• _Exercise details_: Any picture in the listing is left out of the copy; all else is duplicated exactly.

• _Source data_:
*****
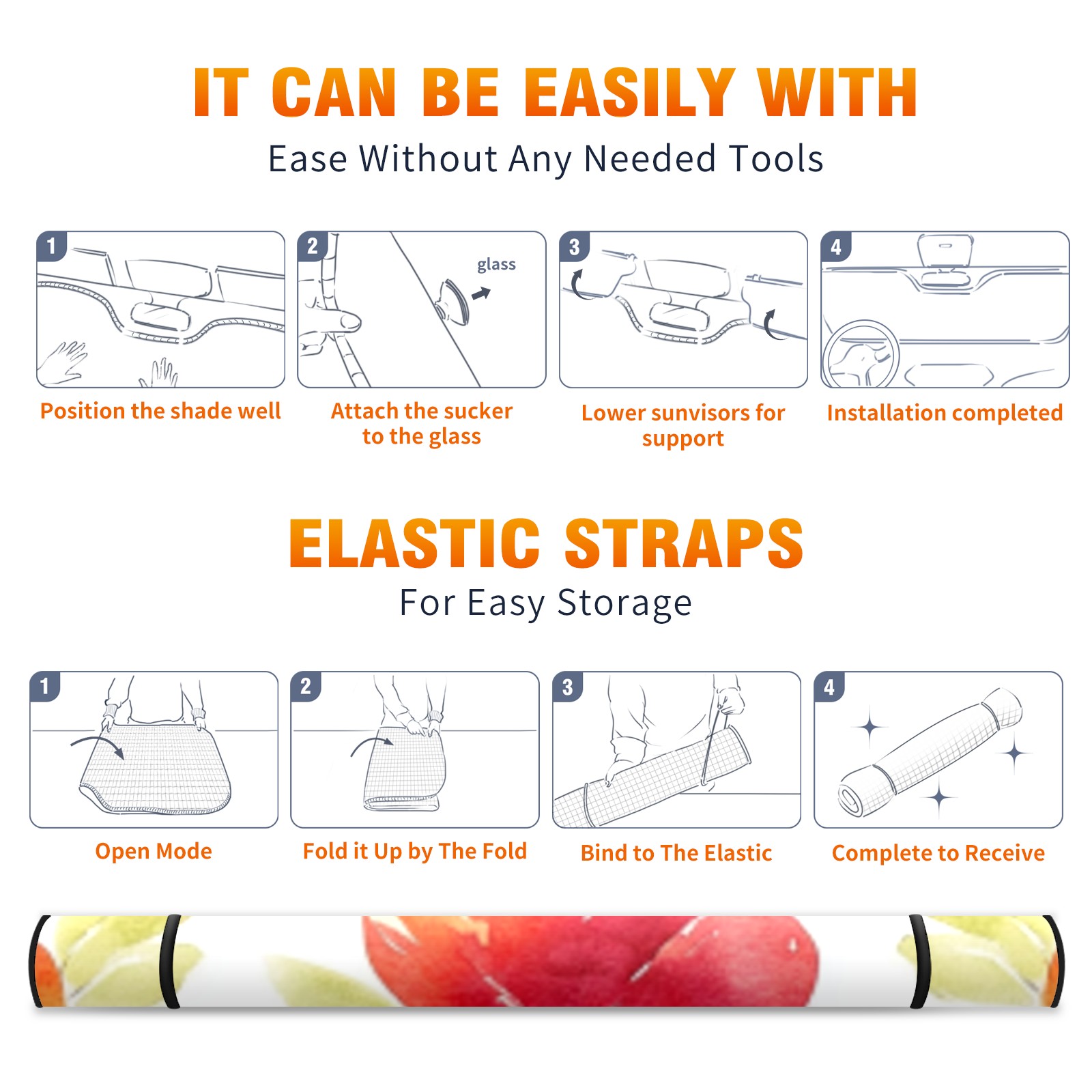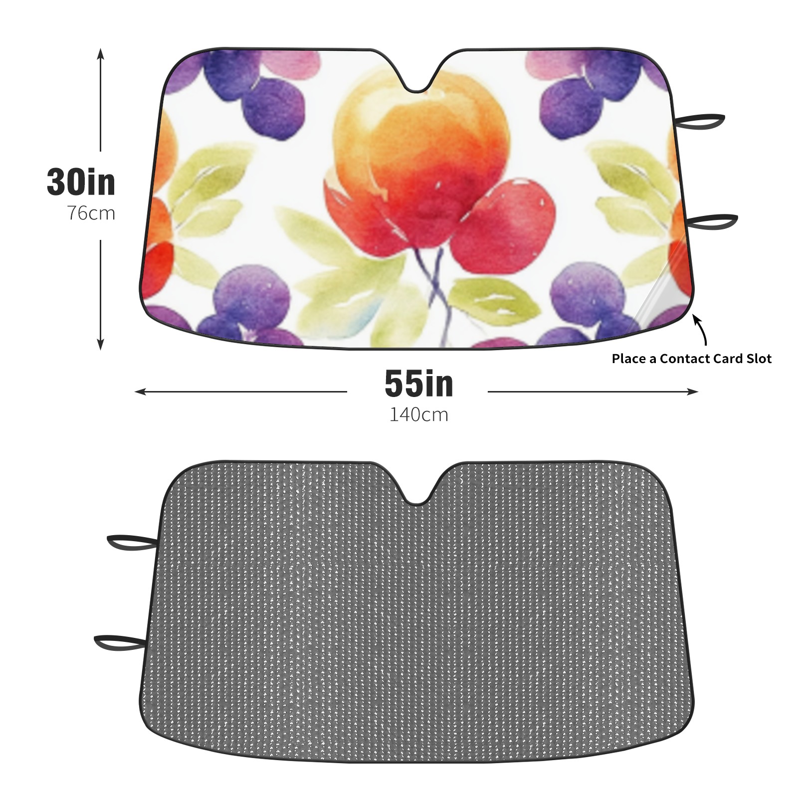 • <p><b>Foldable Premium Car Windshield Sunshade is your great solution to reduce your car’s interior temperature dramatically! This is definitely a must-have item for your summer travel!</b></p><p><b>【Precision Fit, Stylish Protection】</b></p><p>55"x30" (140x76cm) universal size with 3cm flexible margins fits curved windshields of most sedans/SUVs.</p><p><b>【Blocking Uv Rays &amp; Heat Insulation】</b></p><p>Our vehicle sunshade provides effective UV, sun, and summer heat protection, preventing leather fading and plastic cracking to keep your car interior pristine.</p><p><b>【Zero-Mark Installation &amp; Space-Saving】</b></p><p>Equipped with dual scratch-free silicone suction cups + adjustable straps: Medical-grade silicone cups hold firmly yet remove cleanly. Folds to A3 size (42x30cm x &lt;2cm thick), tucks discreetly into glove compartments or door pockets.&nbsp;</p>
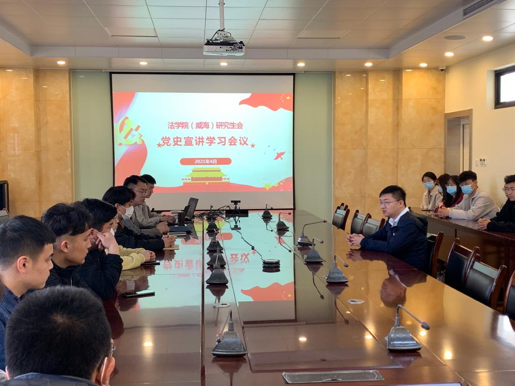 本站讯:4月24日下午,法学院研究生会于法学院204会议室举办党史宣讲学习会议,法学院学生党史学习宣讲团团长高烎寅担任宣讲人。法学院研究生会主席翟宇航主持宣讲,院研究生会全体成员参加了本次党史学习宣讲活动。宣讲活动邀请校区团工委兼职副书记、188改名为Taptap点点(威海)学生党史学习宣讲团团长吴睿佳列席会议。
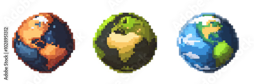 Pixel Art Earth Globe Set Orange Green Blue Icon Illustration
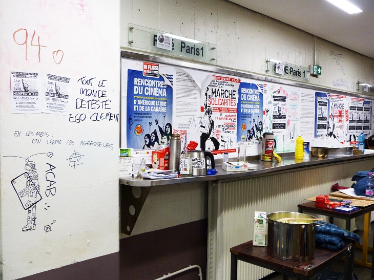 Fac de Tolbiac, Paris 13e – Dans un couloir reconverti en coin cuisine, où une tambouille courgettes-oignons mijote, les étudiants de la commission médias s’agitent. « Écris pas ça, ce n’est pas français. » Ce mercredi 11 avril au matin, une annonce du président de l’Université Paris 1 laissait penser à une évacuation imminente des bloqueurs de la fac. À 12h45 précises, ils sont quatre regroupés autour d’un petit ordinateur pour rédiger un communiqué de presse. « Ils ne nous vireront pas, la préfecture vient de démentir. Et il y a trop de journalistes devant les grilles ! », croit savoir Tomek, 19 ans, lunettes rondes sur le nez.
*****
• _Final answer_:
 • <p><b>Foldable Premium Car Windshield Sunshade is your great solution to reduce your car’s interior temperature dramatically! This is definitely a must-have item for your summer travel!</b></p><p><b>【Precision Fit, Stylish Protection】</b></p><p>55"x30" (140x76cm) universal size with 3cm flexible margins fits curved windshields of most sedans/SUVs.</p><p><b>【Blocking Uv Rays &amp; Heat Insulation】</b></p><p>Our vehicle sunshade provides effective UV, sun, and summer heat protection, preventing leather fading and plastic cracking to keep your car interior pristine.</p><p><b>【Zero-Mark Installation &amp; Space-Saving】</b></p><p>Equipped with dual scratch-free silicone suction cups + adjustable straps: Medical-grade silicone cups hold firmly yet remove cleanly. Folds to A3 size (42x30cm x &lt;2cm thick), tucks discreetly into glove compartments or door pockets.&nbsp;</p>
 本站讯:4月24日下午,法学院研究生会于法学院204会议室举办党史宣讲学习会议,法学院学生党史学习宣讲团团长高烎寅担任宣讲人。法学院研究生会主席翟宇航主持宣讲,院研究生会全体成员参加了本次党史学习宣讲活动。宣讲活动邀请校区团工委兼职副书记、188改名为Taptap点点(威海)学生党史学习宣讲团团长吴睿佳列席会议。
 Pixel Art Earth Globe Set Orange Green Blue Icon Illustration
 Fac de Tolbiac, Paris 13e – Dans un couloir reconverti en coin cuisine, où une tambouille courgettes-oignons mijote, les étudiants de la commission médias s’agitent. « Écris pas ça, ce n’est pas français. » Ce mercredi 11 avril au matin, une annonce du président de l’Université Paris 1 laissait penser à une évacuation imminente des bloqueurs de la fac. À 12h45 précises, ils sont quatre regroupés autour d’un petit ordinateur pour rédiger un communiqué de presse. « Ils ne nous vireront pas, la préfecture vient de démentir. Et il y a trop de journalistes devant les grilles ! », croit savoir Tomek, 19 ans, lunettes rondes sur le nez.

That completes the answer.